Making social science accessible

07 Oct 2015

UK in the world

UK-EU Relations


Russia’s aggression in Ukraine, which started in February 2014, has changed the geopolitical perspective for Latvia. It has become far more difficult in Latvia to criticise the European Union and NATO membership with a resurgent Russia flexing its military muscle in the country’s neighbourhood. The idea of leaving the EU or the necessity of fundamentally reorganising the Union is not on the agenda for the political elite of Latvia.

The securitisation of EU membership has led to the further marginalisation of Eurosceptic organisations in Latvia. According to a 2014 Eurobarometer poll, 57 per cent disagree that Latvia could better face the future outside of the EU. Compared to other countries, Latvia is in the middle of EU opinion, while the United Kingdom, with only 36 per cent disagreeing, is last among EU member states. In Latvia, the EU is perceived as one of the pillars for national security. The UK’s attempts at a renegotiation and the forthcoming referendum therefore do not resonate with policy makers or the majority of Latvian society.

It should therefore come as no surprise that the issues on Prime Minister David Cameron’s agenda are not on the agenda of politicians in Latvia. In May 2015 Cameron visited Riga for the Eastern Partnership summit. This was his first face-to-face meeting with the EU’s leaders after his victory in the May 2015 UK elections. The focus of the summit was on the EU’s relations with Eastern Partnership countries, however Cameron’s goal for the meeting was to press his case for EU reform and renegotiation. During the conference, and in the Prime Minister’s press conference following the summit, Cameron spoke about Britain’s unhappiness with the status quo, of “burdensome EU rules,” the problems of immigration, and the necessity for EU reform. His agenda was not welcomed.

In a bilateral meeting with Cameron, the Prime Minister of Latvia Laimdota Straujuma suggested that these topics were not welcome ones for discussion in Riga. Afterwards, Cameron himself reflected that he was “not met by a wall of love” at the summit. During and after the summit, his statements left no visible impact in the domestic political debates in Latvia.

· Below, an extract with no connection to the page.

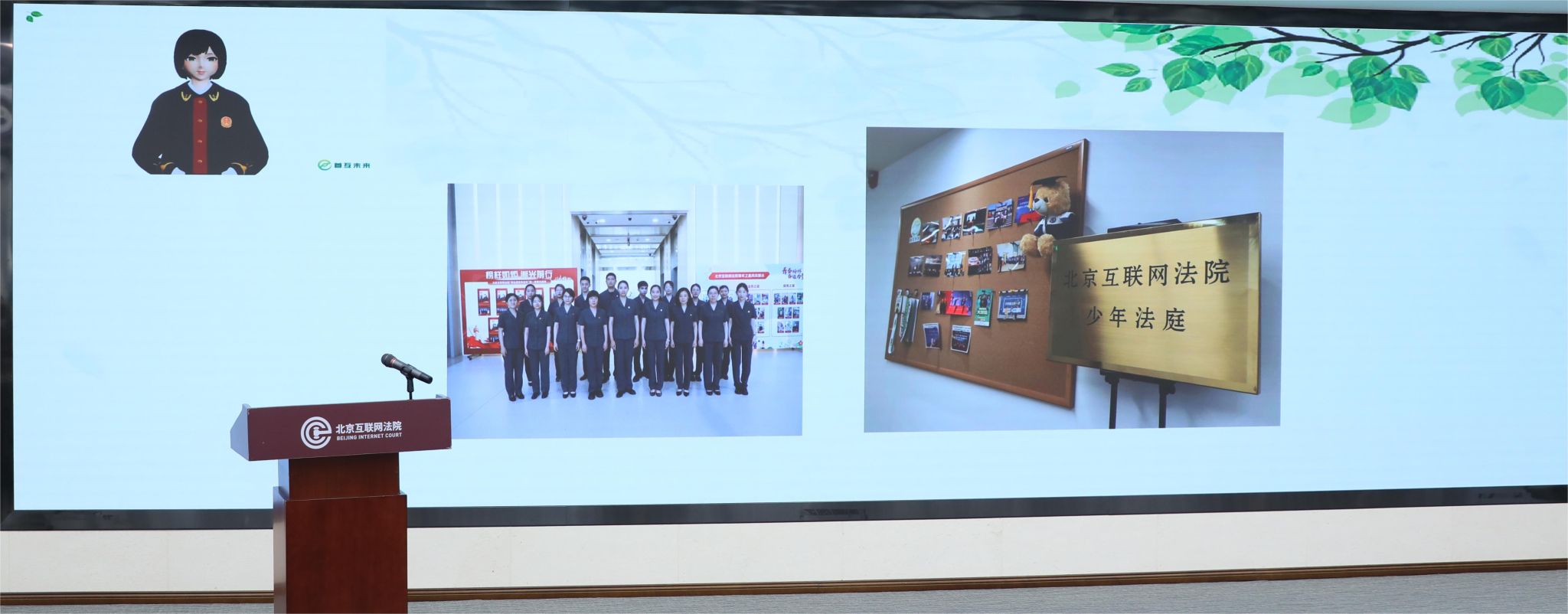 会上,数字法官“小未”正式上线,这是北京互联网法院运用数字技术设计的贴近未成年人的数字法官,可以协助法官开展网络素养教育、带领未成年人参观网络素养教育实践基地,可以出现在微课堂、微剧场中,可以在现场教学中和学生们近距离互动,也可以在案件审理过程中为当事人提供诉讼服务指引。

The securitisation of EU membership has led to a lack of meaningful debate in Latvia about the necessity of reforming the Union. It is hard to criticise something your national security depends on and this was reflected by the lack of support given to the issues raised by David Cameron.

Little has changed since the meeting in May. Most of the aforementioned issues pursued by the UK are still not on Latvia’s political agenda. Immigration is on the agenda, but this has nothing to do with the UK. The necessity for EU member states to accept their share of asylum seekers has pushed the issue of immigration onto the political elite and society of Latvia.

The government of Latvia follows the developments of the possible UK exit and renegotiation, hoping the UK and EU will come to an understanding. Changes in the core values of the EU, such as limitations on the free movement of persons, goods and services, would not be welcome in Latvia. However, there are no serious debates on the need for reform of the EU, the necessity to simplify EU regulations or other similar issues. These are not priorities for Latvia; national security is.